Your objective:
Please copy the data below exactly; none of the pictures in it belong in the copy.

Recorded information:
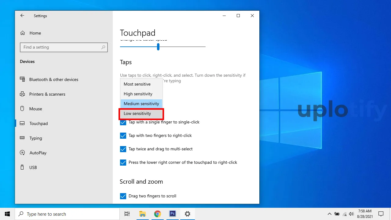 - Masuk ke tab Touchpad dan ubah touchpad sensitivitynya menjadi Low sensitivity.
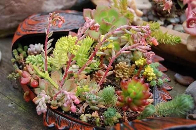 通过不同植物品种,丰富的色块来进行组合盆栽能是植物看上去更加的丰满漂亮,具有非常棒的观赏价值。
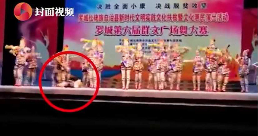 綜合陸媒報導,這起事件發生在上月28日,廣西羅城仫佬族自治縣廣場舞大賽上,從影片中可見,有多名舞者在舞台上表演,但其中一名已退休、年紀較長的女舞者跳到一半時膝蓋突然微彎,接著疑似全身無力就往後仰倒在地上,後方另一名女舞者當場似乎有些愣住了,但也有舞者相當淡定地走位,直接跨過昏厥的舞者繼續跳舞。

Worked solution:
 - Masuk ke tab Touchpad dan ubah touchpad sensitivitynya menjadi Low sensitivity.
 通过不同植物品种,丰富的色块来进行组合盆栽能是植物看上去更加的丰满漂亮,具有非常棒的观赏价值。
 綜合陸媒報導,這起事件發生在上月28日,廣西羅城仫佬族自治縣廣場舞大賽上,從影片中可見,有多名舞者在舞台上表演,但其中一名已退休、年紀較長的女舞者跳到一半時膝蓋突然微彎,接著疑似全身無力就往後仰倒在地上,後方另一名女舞者當場似乎有些愣住了,但也有舞者相當淡定地走位,直接跨過昏厥的舞者繼續跳舞。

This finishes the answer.